* TASK DETAILS *
Exactly the lines from the one containing "Skříň MILTON ML07" through the end of the records must be reproduced; leave out all pictures.

Extracted data entries:
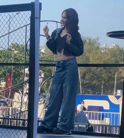 Dân mạng đang bàn tán sôi nổi về hình ảnh chụp Hoa hậu Mai Phương tại một sự kiện. Miss World Vietnam 2022 diện trang phục quần jeans - áo croptop năng động, cá tính, để lộ vùng eo.
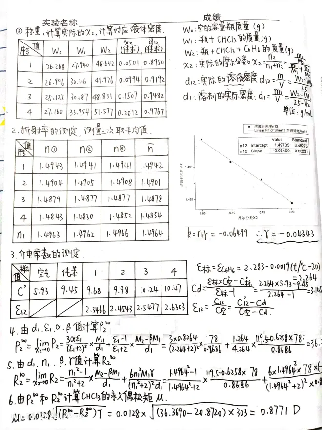 物化实验报告留存——溶液法测分子偶极矩的评论 (共
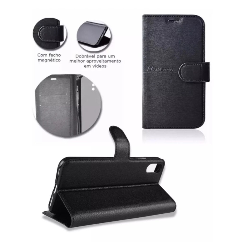 KIT Capa Capinha Carteira Couro + 2 Película 3D Para Samsung A05 A06 A11 A12 A13 A14 A15 A16 A22 A23 A31 A32 A35 Preta
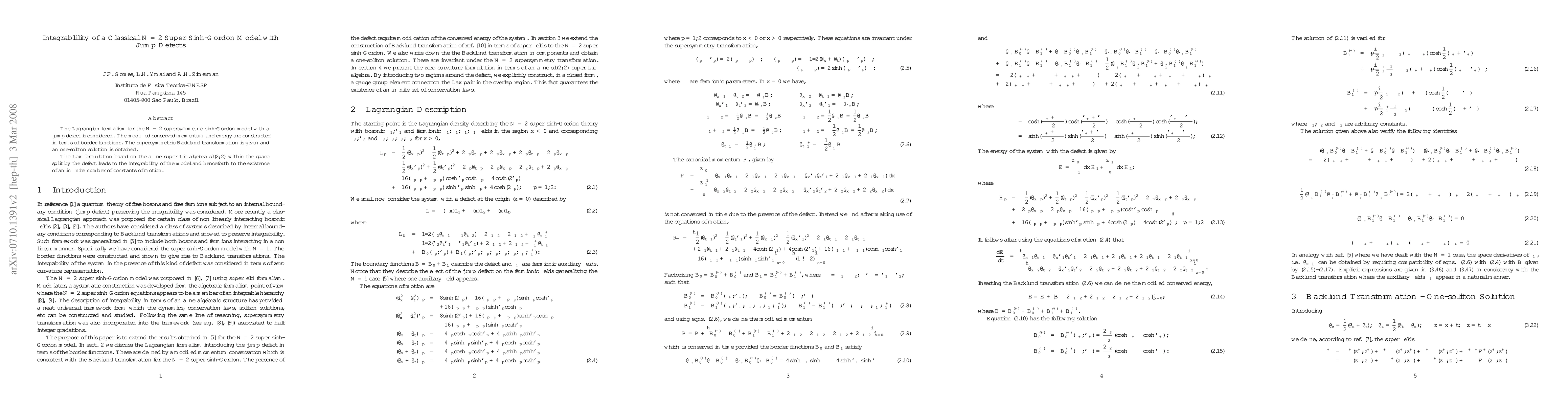 This paper explores the integrability of an N=2 supersymmetric sinh-Gordon model with jump defects, constructing modified conserved quantities and deriving a one-soliton solution. The Lax formulation based on the affine super Lie algebra confirms the model's integrability and the existence of an infinite number of constants of motion.
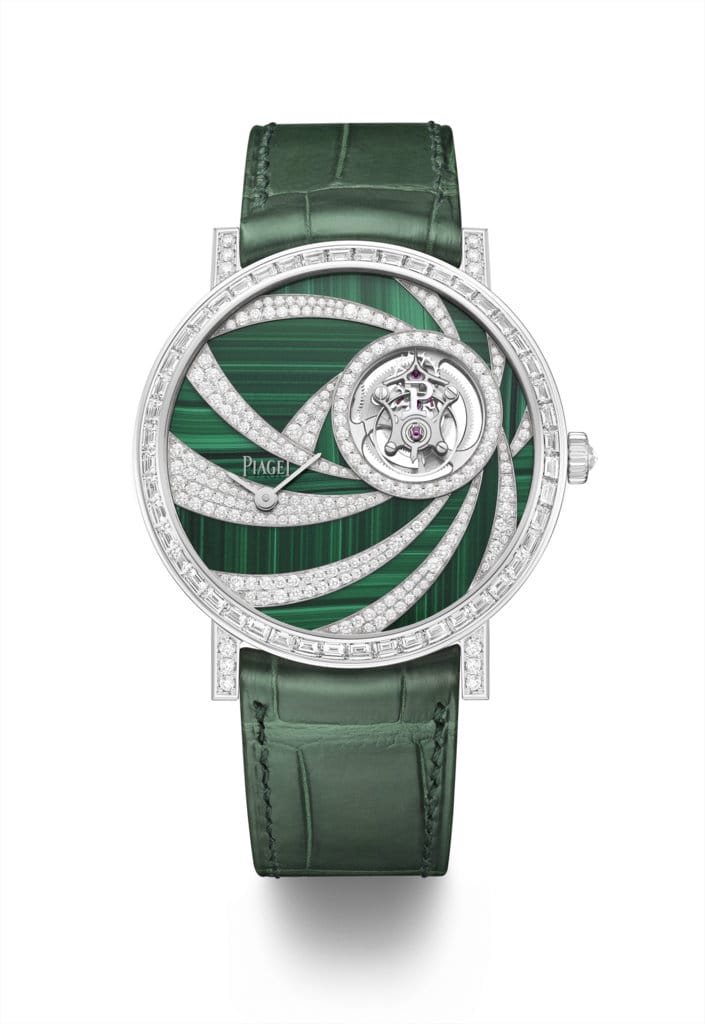 La montre Dancing Aurora en édition limitée présente un calibre extra-plat avec un mouvement tourbillon et une cage, des prouesses techniques signature de la Maison Piaget, dont l’esprit novateur a permis à ses artisans de mettre au point les premiers modèles extra-plats dans les années 1960. Le défi suivant était la création d’un cadran à la hauteur d’un tel luxe et depuis 1964, le recours à la marqueterie de pierres dures, un Métier d’Art nécessitant la plus grande minutie, s’est avéré produire des résultats exceptionnels. Sur ce modèle, des diamants blancs sertis semblent balayés par le vent, tourbillonnant et ondulant sur un fond serti d’une marqueterie de malachite à toute petite échelle. Mettant au défi le talent des plus grands maîtres artisans, chaque plaque de pierre dure est spécifiquement coupée en une tranche mesurant à peine un millimètre d’épaisseur et parfaitement sertie dans sa position exacte.
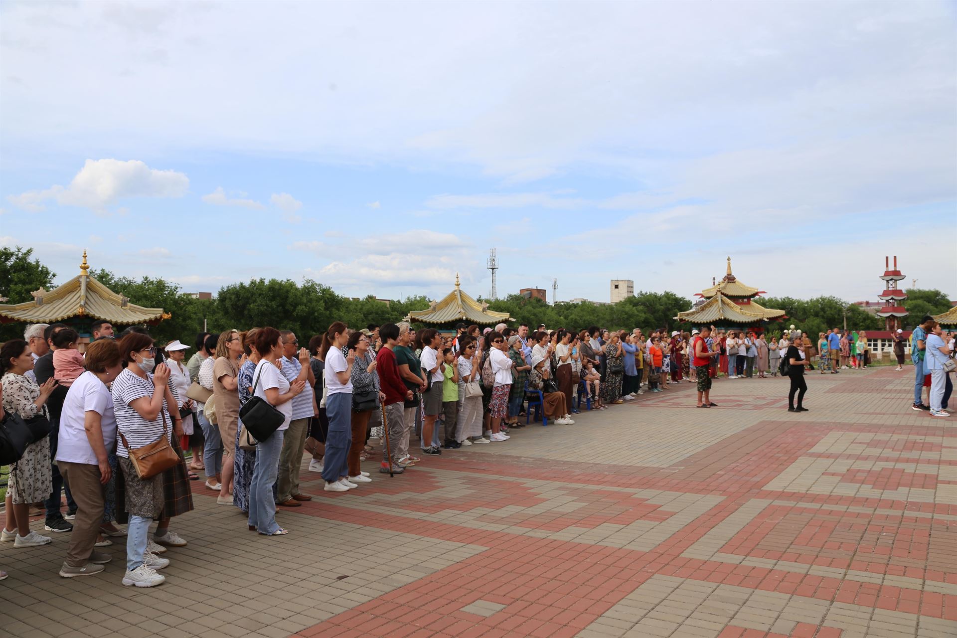 Фоторепортаж с ритуала омовения и освящения большой танки Будды Шакьямуни, которую традиционно вывесили на фасаде Центрального хурула.
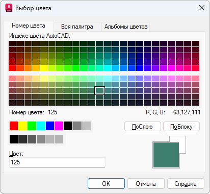 Можно выбрать цвет для элементов окна из 255 цветов, входящих в Индекс цветов AutoCAD (ИЦА), а также из всей палитры или из альбома цветов, используя три предоставленных вкладки.
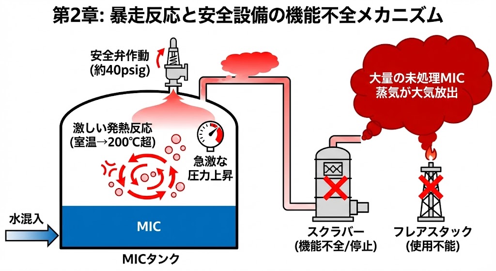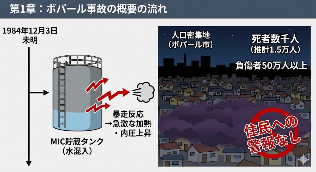 1984 年 12 月 3 日未明、ユニオンカーバイド社(UCC)ボパール工場の MIC 貯蔵タンクに水が混入し、暴走反応 → 急激な加熱 → 内圧上昇 → 毒性ガスの大気放出 が起こりました。
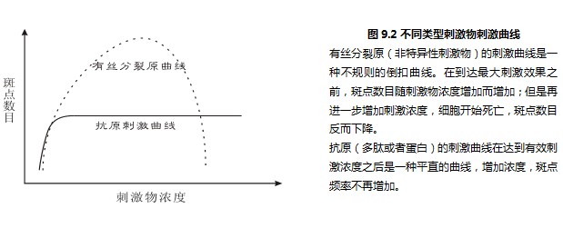 其一、非特異性的刺激物刺激效果不穩(wěn)定。如圖9.2所示,非特異性的刺激物(有絲分裂原Mitogen)的刺激曲線幾乎沒有平坦的部分。也就是說,刺激物的濃度有細(xì)微變化,馬上就會體現(xiàn)在刺激斑點(diǎn)數(shù)目的變化上了,這樣實(shí)驗(yàn)結(jié)果很難完全重現(xiàn)。相反,抗原的刺激曲線非常平坦,只要達(dá)到有效刺激濃度,斑點(diǎn)頻率就不再變化。
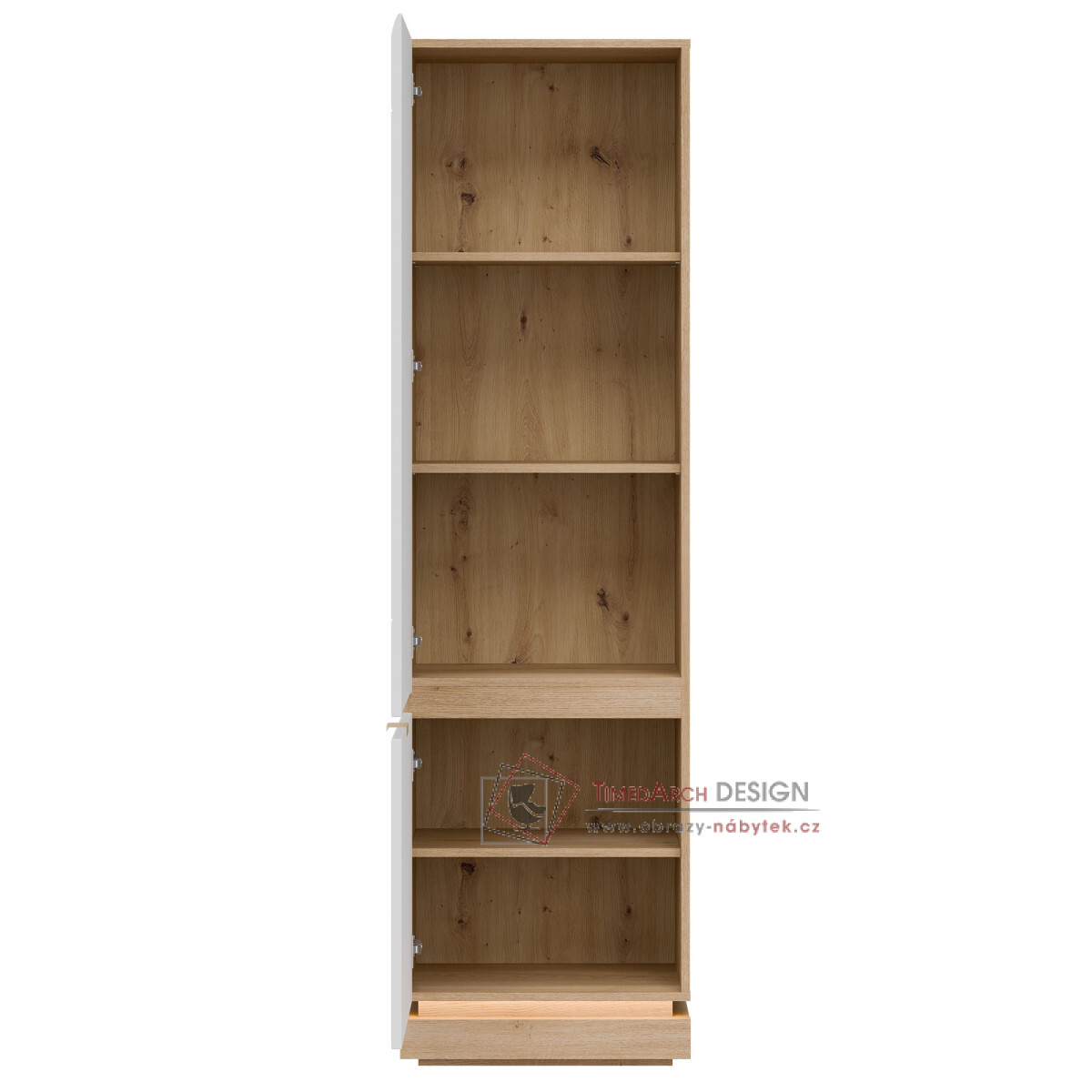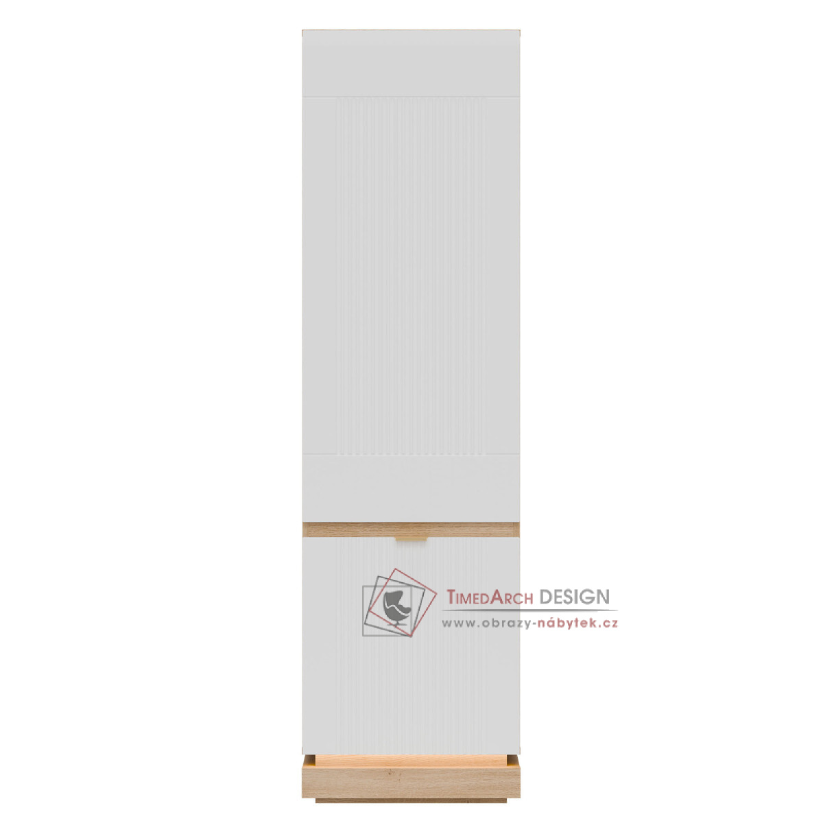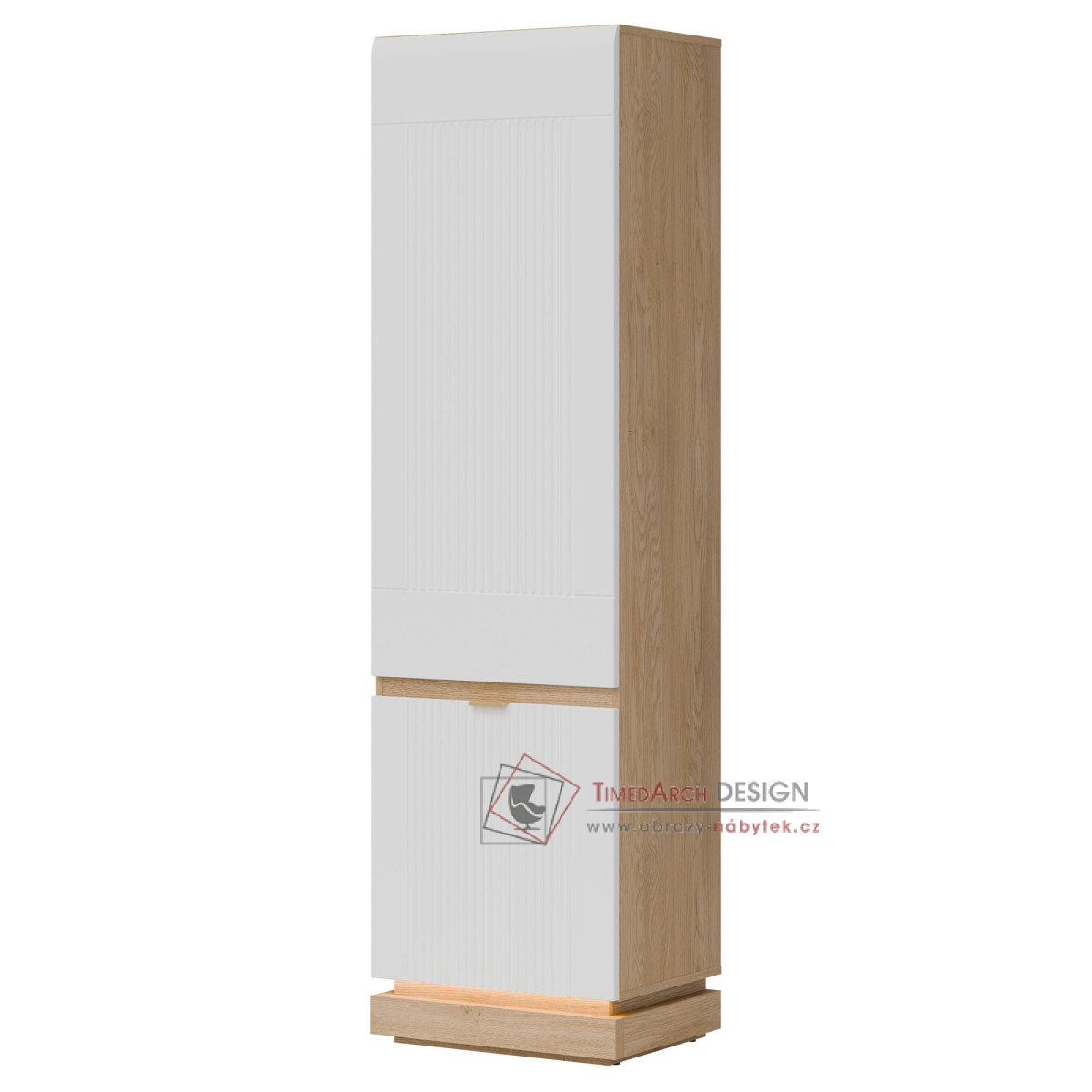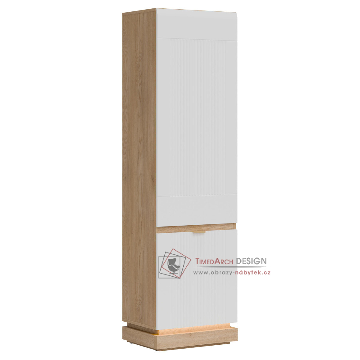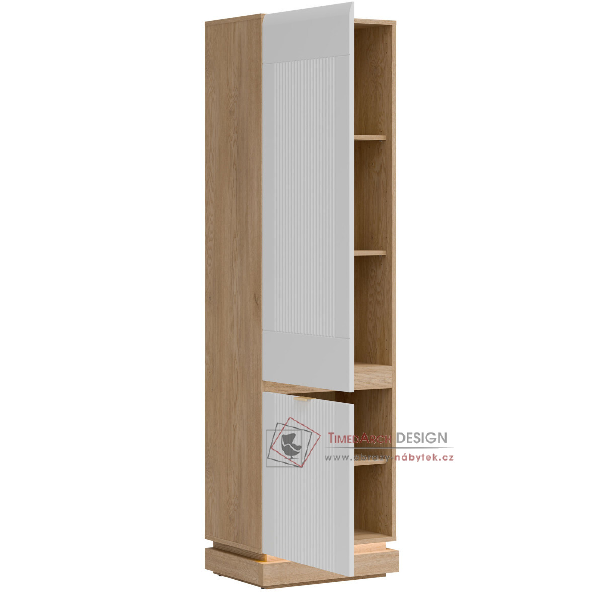 Skříň MILTON ML07 je elegantním a funkčním doplňkem kolekce MILTON, ideální pro moderní interiéry, kde se spojuje prostor a estetika. Vysoká, uzamykatelná konstrukce je navržena pro maximální kapacitu – vnitřní police jsou ideální pro uložení knih, dokumentů a doplňků denní potřeby, což zajišťuje pořádek a snadný přístup k obsahu. Matné MDF čela, dostupná v několika tlumených barvách, se vyznačují jemným frézováním, které zdůrazňuje moderní, ale zároveň nadčasový charakter kusu. Stylové zlaté úchytky dodávají elegantní vzhled. Korpus dub cremona torro vnáší do prostoru přirozené teplo a harmonicky doplňuje barvy čela, čímž vytváří moderní, ale zároveň útulnou kompozici. Skříňka je vybavena systémem tlumeného dovírání, který zajišťuje výjimečné pohodlí. Je to perfektní volba do obývacího pokoje, kanceláře nebo chodby – kamkoli, kde je styl, funkčnost a vysoce kvalitní řemeslné zpracování prvořadé.
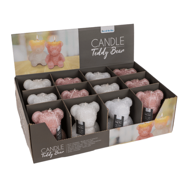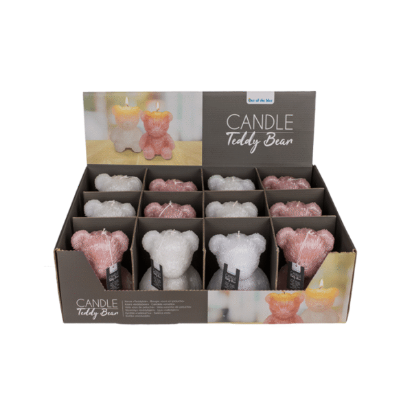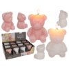Candle, teffy bear, ca. 11 x 9,5 x 13,5 cm, 2 colors assorted, 12 pcs per display Decorative candles
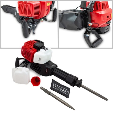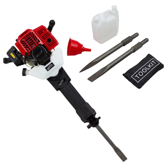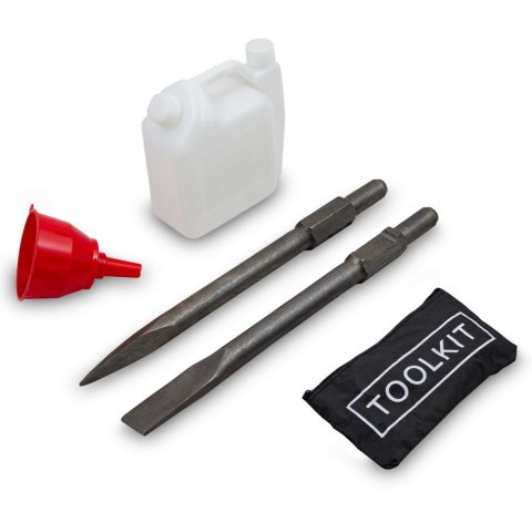 W zestawie 2 dłuta, pojemnik na paliwo i torba.

* ANSWER *
 Skříň MILTON ML07 je elegantním a funkčním doplňkem kolekce MILTON, ideální pro moderní interiéry, kde se spojuje prostor a estetika. Vysoká, uzamykatelná konstrukce je navržena pro maximální kapacitu – vnitřní police jsou ideální pro uložení knih, dokumentů a doplňků denní potřeby, což zajišťuje pořádek a snadný přístup k obsahu. Matné MDF čela, dostupná v několika tlumených barvách, se vyznačují jemným frézováním, které zdůrazňuje moderní, ale zároveň nadčasový charakter kusu. Stylové zlaté úchytky dodávají elegantní vzhled. Korpus dub cremona torro vnáší do prostoru přirozené teplo a harmonicky doplňuje barvy čela, čímž vytváří moderní, ale zároveň útulnou kompozici. Skříňka je vybavena systémem tlumeného dovírání, který zajišťuje výjimečné pohodlí. Je to perfektní volba do obývacího pokoje, kanceláře nebo chodby – kamkoli, kde je styl, funkčnost a vysoce kvalitní řemeslné zpracování prvořadé.
Candle, teffy bear, ca. 11 x 9,5 x 13,5 cm, 2 colors assorted, 12 pcs per display Decorative candles
 W zestawie 2 dłuta, pojemnik na paliwo i torba.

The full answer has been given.